Outro argumento cético baseia-se na escassez de material epigráfico dos primeiros períodos de Israel e Judá : 3.000 anos atrás, a alfabetização era rara a inexistente, argumentam eles. Não há evidências de escribas hebreus em Jerusalém capazes de escrever história antes do tempo do rei Ezequias , nos séculos VI e VII a.C, dizem os céticos. Ergo, a história de Golias tinha que ter sido escrita nos séculos VI-VII a.C, cerca de 300 ou 400 anos após o evento.

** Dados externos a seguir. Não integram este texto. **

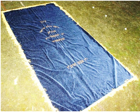
ציון הרה"ק זי"ע בקאזמיר - נמצא לאחרונה ע"י צאצאיו שליט"א

מתוך הספר 'מאמר יחזקאל' - ליקוטים מדברי תורתו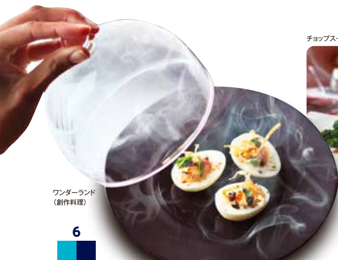
ワンダーランド (創作料理)

摩訶不思議な創作料理やロボットバーテンダーまで、個性的な飲食店がズラリ。ステーキハウス、著名シェフが手がけるイタリアン、レトロな雰囲気ハンバーガーショップ、深夜までオープンしているピザハウスなどバリエーションも豊かです。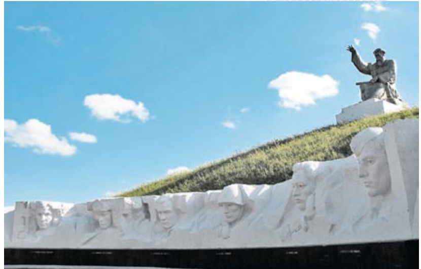
▲ Мемориал воинской славы «Лудчицкая высота»

Жители Витебщины осуществили огромную работу по увековечению событий войны. На территории области более 2,5 тыс. мемориальных комплексов, мест боевой и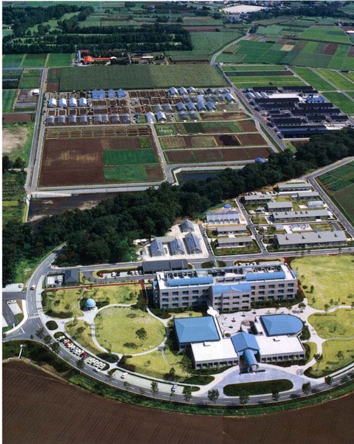
農業研究センター本部全景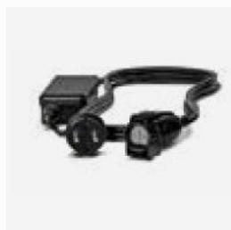
Cargador apto para su uso en exteriores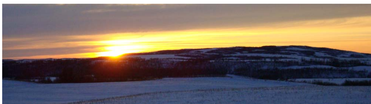
Zonsopgang vanaf ons nieuwe huis gezien, dit mogen we straks iedere dag aanschouwen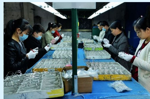
通山县华粤眼镜厂工人正在全神贯注地加工镜框,每一个人都自己平凡的岗位上为了美好的生活而努力奋斗着。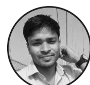
लेखक : - अनिल कुमार मण्डल जनकपुरधाम -३५

म त धेरै घुमे, हिमाल, पहाड, तराई। चिहाएँ,देखें प्रकृतिको गहिरो। म त धेरै घुमे, गाउँ र सहर डुलौं नयाँ साथी भेटें, जीवनका पाठ सिक्नौं। म त धेरै घुमे,मन्दिर, गुम्बा र चौतारी। सबै धर्म र संस्कृतिमा, देखें प्रेमको उज्यारी। म त धेरै घुमे, पूर्वदेखि पश्चिमसम्म। नेपाल आमाको सुन्दरतामा, हराएँ मनको हरक्षण। म त धेरै घुमे, तर एउटा सत्य पाएँ आफ्नो देशभन्दा प्यारो, कतै पनि नपाएँ।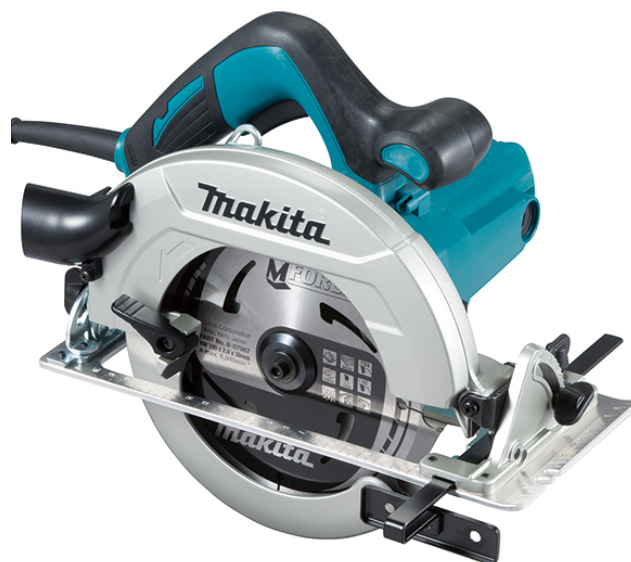
360° Imagem 360°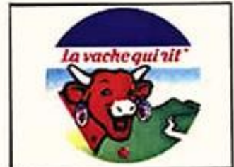
(SFX : Rire façon Salvador)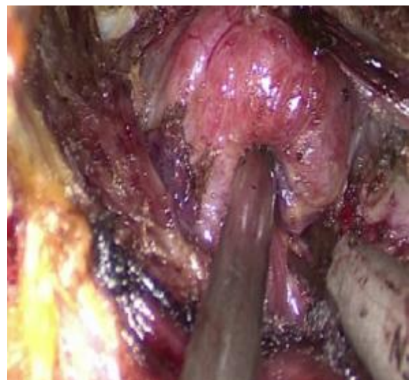
تصویر 4 - لیگاتور پل تحتانی تیروئید

ورید تیروئید میانی و پل تحتانی لوب راست به وسیله Sonicision قطع شدند (تصویر 4). غده پاراتیروئید تحتانی و عصب رکورنت (RLN) شناسایی شده و برای حفاظت از آنها دقت لازم صورت گرفت. قدم بعدی دیسکسیون پل فوقانی لوب راست و لیگاتور عروق تیروئیدی فوقانی بود که با Sonicision انجام شد (تصویر 5).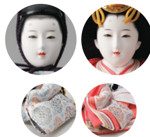
12 平安寿峰作 衣裳着親王飾り一式 (68×45×高さ24cm) 440,000円 WEB #4F11-TF-109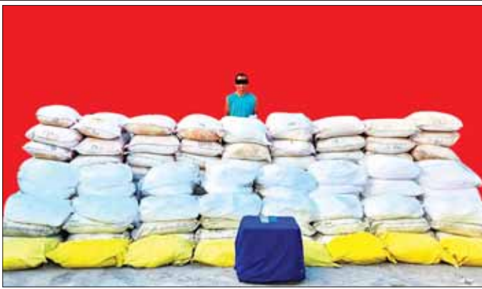
သိမ်းဆည်းရမိသည့် ထိန်းချုပ်စာတုပစ္စည်း ကဖင်းများနှင့်ဖြစ်မှုကျူးလွန်သူကို တွေ့ရစဉ်။

နေပြည်တော် ဖေဖော်ဝါရီ ၂၇ မန္တလေးတိုင်းဒေသကြီး ပြည်ကြီးတံခွန်မြို့နယ်၌ တရားမဝင်သိုလှောင်ထားသည့် ငွေကျပ် ၂ ဘီလီယံတန်ဖိုးရှိ ထိန်းချုပ်စာတုပစ္စည်း ကဖင်း ၅ တန် ဖမ်းဆီးရမိခဲ့ကြောင်း မြန်မာနိုင်ငံရဲတပ်ဖွဲ့မှ သိရသည်။ မူးယစ်ဆေးဝါး တားဆီးနှိမ်နင်းရေးရဲတပ်ဖွဲ့မှ တပ်ဖွဲ့ဝင်များ ပါဝင်သော ပူးပေါင်းအဖွဲ့သည် ဖေဖော်ဝါရီ ၂၇ ရက် ညနေ ၄ နာရီခွဲတွင် မန္တလေးတိုင်းဒေသကြီး ပြည်ကြီးတံခွန်မြို့နယ် ၅၂ လမ်း၊ ၁၃၉ လမ်းထောင့်ရှိ စာမျက်နှာ ၁၀ ကော်လံ ၁ ❖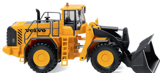
0652 02 Radlader (Volvo L 350F) UVP 29,99 €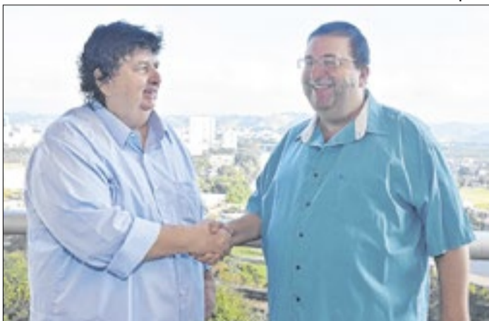
Prefeito de Volta Redonda, Neto, e seu irmão Munir Neto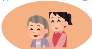
病院内の付き添い (光市内)

É verdade que nenhuma inscrição hebraica foi encontrada dos séculos XI a XII a.C, quando Golias pode ter vivido. Também é verdade que inscrições hebreias, ostracas, focas e grafites que podem ser datados do final do século VIII a.C ou anteriores, são escassos , muito menos do que o número conhecido de períodos posteriores. Mas há evidências começando no século 9 a.C, não muito depois de Golias: por exemplo, a Inscrição Mesha (também conhecida como a Pedra Moabita); a estela de Tel Dan com sua inscrição em aramaico; e o relato profético apresentado no texto de Deir Alla (uma inscrição profética que relaciona visões do vidente dos deuses Baalam) do nono ou oitavo século AEC.

Assim, a história de Golias pode ter sido escrita em tempo real ou pouco depois. Não teve que esperar por séculos.

Resumindo, Goliath parece ter usado roupas contemporâneas da Idade do Bronze, os escribas existiam logo após seu tempo e possivelmente dentro dela, e as descrições bíblicas se adequam a outros textos antigos referentes a exércitos liderados por campeões, ao invés de instituições impessoais de textos posteriores. .

Finalmente, há testemunhos da guerra dos séculos XII e XI do antigo Oriente Próximo: batalhas entre campeões em vez de exércitos, a mutilação de cadáveres inimigos, gritos entre guerreiros, choro como sinal de masculinidade - essas e muitas outras coisas não são invenções dos escribas do século 7 a.C, mas realidades bem atestadas da vida tardia da Idade do Bronze. E os braços e armaduras de Golias não são muito parecidos com os de um hoplita grego do século 5, como alguns sugerem. A descrição precisa do equipamento de um guerreiro da Idade do Bronze abre a possibilidade de que uma memória tenha sido passada ao longo de vários séculos, embelezada para ter certeza, mas com um núcleo de verdade.